Directions for this task => What is needed is an exact copy of the lines in the entries below from the one holding "一番安いのは、小ヒレカツ定食" through the one holding "阶段8,随后ROC打倒WOL", pictures excluded.

Records to use =>
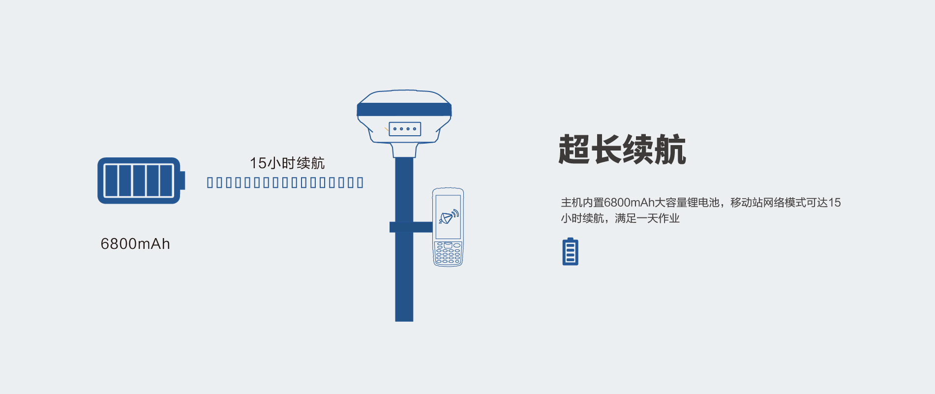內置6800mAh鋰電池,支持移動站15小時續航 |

...

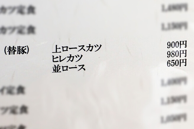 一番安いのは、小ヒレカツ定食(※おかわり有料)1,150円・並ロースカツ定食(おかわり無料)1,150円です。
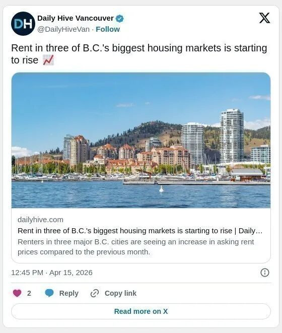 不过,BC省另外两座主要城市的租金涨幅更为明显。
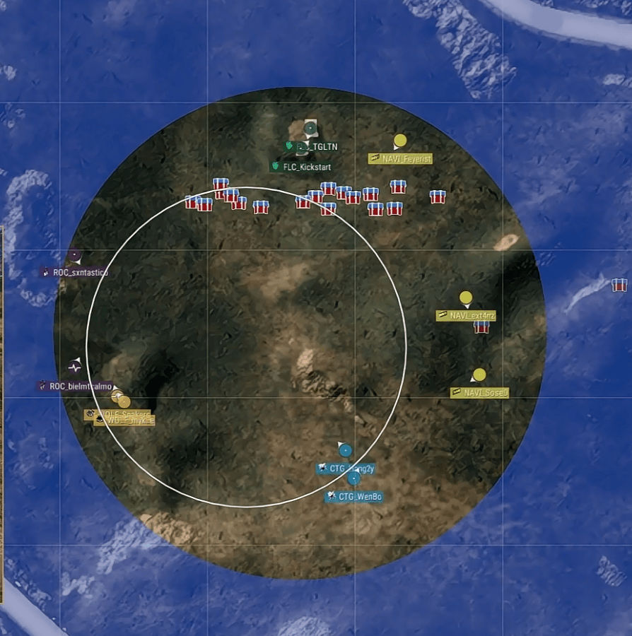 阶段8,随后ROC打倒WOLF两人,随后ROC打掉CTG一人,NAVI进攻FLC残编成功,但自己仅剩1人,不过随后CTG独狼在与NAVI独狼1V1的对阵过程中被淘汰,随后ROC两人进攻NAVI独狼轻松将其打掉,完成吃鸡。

Solution to this task =>
 一番安いのは、小ヒレカツ定食(※おかわり有料)1,150円・並ロースカツ定食(おかわり無料)1,150円です。
 不过,BC省另外两座主要城市的租金涨幅更为明显。
 阶段8,随后ROC打倒WOLF两人,随后ROC打掉CTG一人,NAVI进攻FLC残编成功,但自己仅剩1人,不过随后CTG独狼在与NAVI独狼1V1的对阵过程中被淘汰,随后ROC两人进攻NAVI独狼轻松将其打掉,完成吃鸡。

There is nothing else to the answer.